Непрошеные, а порой ненужные мысли сменяли одна другую, будто мелкие облака при ветре.

Наконец-то Никита утих, раздался легкий посвист, а через некоторое время он дал такого храпака, что и последняя дрема с меня слетела.

— Эк его разморило!

Уж где-то запел петух, за ним второй, а там третий, а потом и пошло и пошло на разные голоса. И, как волна на большой реке, петушиные крики катились все ближе и ближе. Вот, наконец, слышу, как сначала захлопал могучими крыльями наш старый петух, прозванный Наполеоном за его несусветные бои, как хриплым голосом не торопясь известил подвластных ему кур о наступающем рассвете.

«Раз не спится, надо вставать. Никита пусть храпит».

Пока не совсем рассвело и никого на улицах нет, я решил сходить к Илье. Быстро собрался, тихо открыл дверь, огляделся. Никого. Лишь где-то на дальней улице слышалась неумелая игра на гармонике и девичьи однообразные припевки.

Чтобы случайно не встретиться с кем-либо в улице, я пошел огородами, затем краем леса.

Заря уже занималась. Алая полоса удивительно четко пролегала по краю неба, тая и бледнея в выси. Небо было чистое, ни одного облачка. Не было и ветра. В лесу между деревьями тьма. Я иду вдоль опушки, знакомой дорогой.

Скоро вышел на луг. Виднелись несколько дворов. Это выселки. А в стороне от них — высокое двухэтажное строение с широким, как мост, подъездом вверх. То был огромный амбар кредитного товарищества, выстроенный еще до войны. В него раньше ссыпали хлеб в уплату взятых денег из «кредитки». Теперь амбар пуст.

Мне идти мимо него. Уже поравнялся с ним и хотел шагать дальше, как вдруг из щели нижних ворот мелькнул огонек. Может быть, мне показалось? Нет, мелькнул, и скрылся, и снова мигнул.

«Кто бы мог там быть? — подумал я. — Воры? Но что воровать? А-а, доски от сусеков».

Осторожно подошел к стене, прислушался. Явственно донесся сквозь толстую стену стук. Кто-то несколько раз стукнул, затем перестал, как бы пережидая, и вновь застучал.

«Доски отколачивают, мерзавцы. На свои сусеки берут. Узнать — кто. Подсмотреть, а самому не показываться».

Еще прислушался. О чем разговор — не разобрать.

«Накрою. В случае чего есть чем ответить», — решил я, ощупывая наган во внутреннем кармане.

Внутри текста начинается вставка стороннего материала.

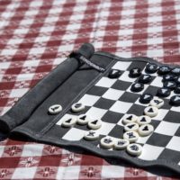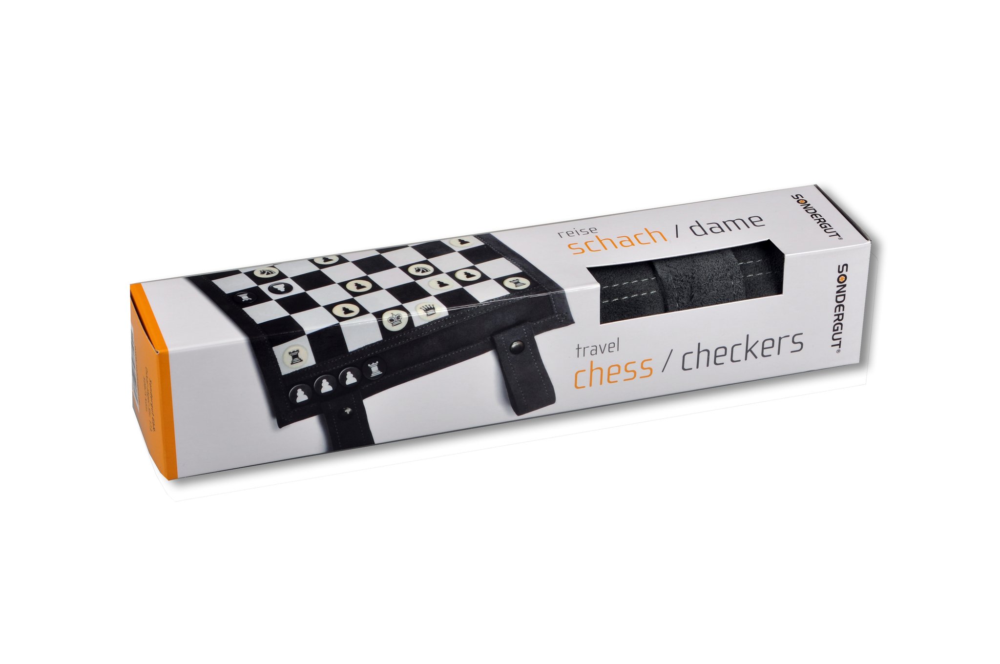 The Sondergut leather travel chess and checkers game rolls up to the size of a pocket umbrella (10 x 2”). Great for travel or the home! You can play chess almost anywhere — and with style.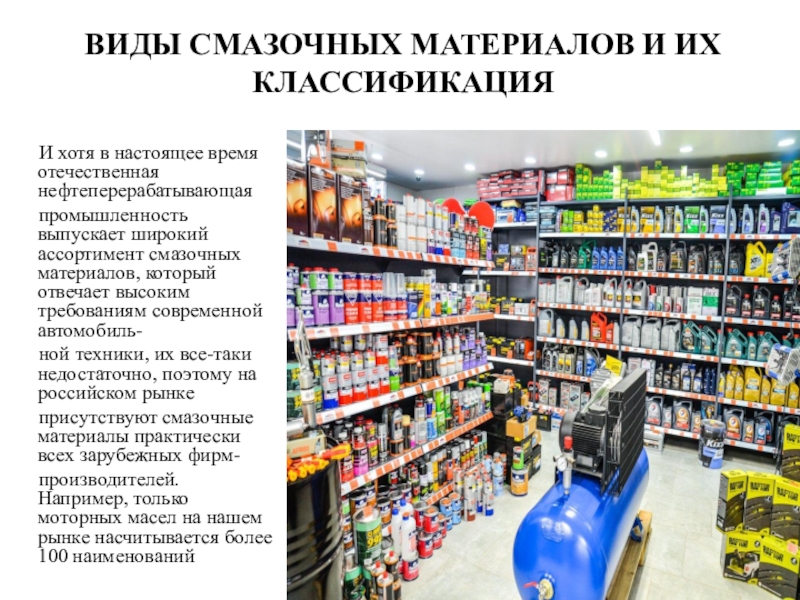промышленность выпускает широкий ассортимент смазочных материалов, который отвечает высоким

Только хотел открыть ворота, как одна дверца распахнулась сама, а навстречу мне чуть не в лицо полетела куча мусора и пыли. И метла возле моего носа.

— Кто тут? — испуганно окликнул меня женский голос.

— А тут кто?

Пыль стояла во всем огромном и гулком амбаре. Несколько женщин мели, скребли сусеки, кто-то усердно стучал.

Два фонаря по концам. Один здесь, второй у дальней двери. И в сусеках, идущих чуть не с потолка, тоже видны отсветы.

— Оля, с кем ты там?

Это голос Сатарова. Оля — его жена. Боевая, шустрая и горластая, как и ее муж.

— Тут какой-то человек пришел.

Она не узнала меня. Да и я ее давно не видел. Живем на разных улицах.

— Александр! — закричал я, проходя в глубь амбара.

— А, это ты! — заорал он радостно.

Несколько человек стояло у противоположной двери.

— Ба-а! — навстречу мне шел Илья. — Ты что в такую рань?

— Доброе утро, братцы.

Здесь и Григорий-матрос и Сорокин. Словом, чуть не весь комитет бедноты.

— Какого ты лешего не спишь? — спросил меня Илья.

— А вы что не дрыхнете?

Сатаров заржал. Указал на меня.

— Он хите-ор. Свиданье назначил моей Оле. Глядь, не вышло. А?! — обратился он теперь к жене.

— О-ох, носатый. Да ежель б мы захотели, аль в лесу места нет?

— В лесу, дура, сыро. Насморк схватишь. И зачем ты оскорбляешь мою личность?

— Что мне твоя личность! Вот чуть-чуть Петра Ивановича метлой по носу не задела. То-то бы чихать начал.

— «Чихать», «чихать», — передразнил жену Сатаров. — Заговаривай зубы…

Уж если начнут трунить супруги друг над другом на собрании или где — только слушай!

— Нужны мы ему такие! — продолжала Оля. — У него небось есть своя. Краля. Кровь с молоком.

Все затихли. Насторожился и я. Потом Сатаров спросил Олю:

— Это кто же такая краля?

— Уйди прочь! Подметать надо!

— Нет, говори. Мы, как чуть что, самогонки наварим и женим его.

— Женишь его, поди-ка! Он теперь вроде городской стал.

А любопытствующие женщины, как суслики из нор, высунули головы из сусеков и смотрели на меня.

— Будет вам! — заявил Илья. — Совсем смутили человека. Жени-ить. Да разь он женится?

— Так и будет весь век холостым? — послышался голос из сусека, такой тонкий, протяжный.

Я узнал ее голос. Это — Устя, жена Авдони безногого, моего товарища. Устю мать моя с самого детства прочила мне в жены.

— Здравствуй, Устя!

— А что ж! Это ты правду не будешь жениться?

— Но на ком. Ведь тебя за меня не отдали.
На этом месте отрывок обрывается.